F.F. with Cyclamen

by Tom McCarthy

F.F. With Cyclamen orig pub Prague Literary Review, 2004

He’s most at home in public spaces: F.F. gliding down a tree-lined boulevard, his shoulders dappled by the branches’ candelabra. F.F. in smoky night cafés, his face reflected in a glass of absinthe. F.F. seeing in his generation’s springtime on the Rue Condé, shattering glass and masonry with a flower.

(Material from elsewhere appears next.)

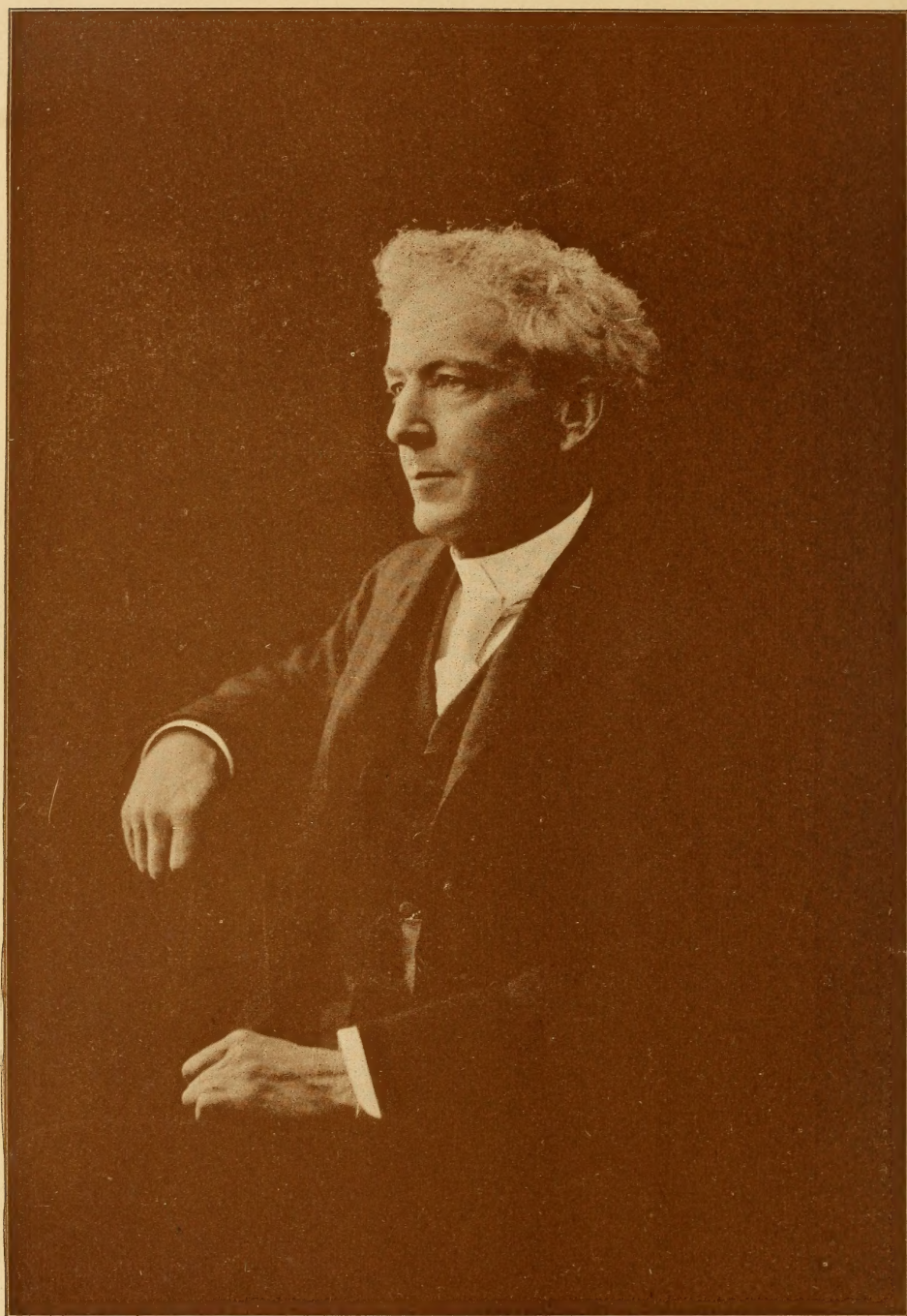
In all Europe there is no one who can even compare with Luther Burbank. A true worker must ever pay the price of genius.—Prof. Hugo De Vries, University of Amsterdam, Amsterdam, Holland.

He leans against a lamppost. Beneath the silk top hat his face is angular; a goatee drops from the chin and then curls upwards, tapering to a fine point at the end. Cabs are standing in a row along the facing curb, cabmen reading papers, horses snorting. Behind them at the entrance to a park old men are talking on a bench. Around the corner comes a group of schoolgirls carrying croquet hoops and mallets. The girls wear sky-blue sailor shirts: the Legion of Honour uniform. Their voices drop to whispers as they pass him.

“I’ve seen him in a poster! He’s that dancer!”

“He’s not a dancer! He’s an actor. He’s that one in . He’s Mephistopheles!”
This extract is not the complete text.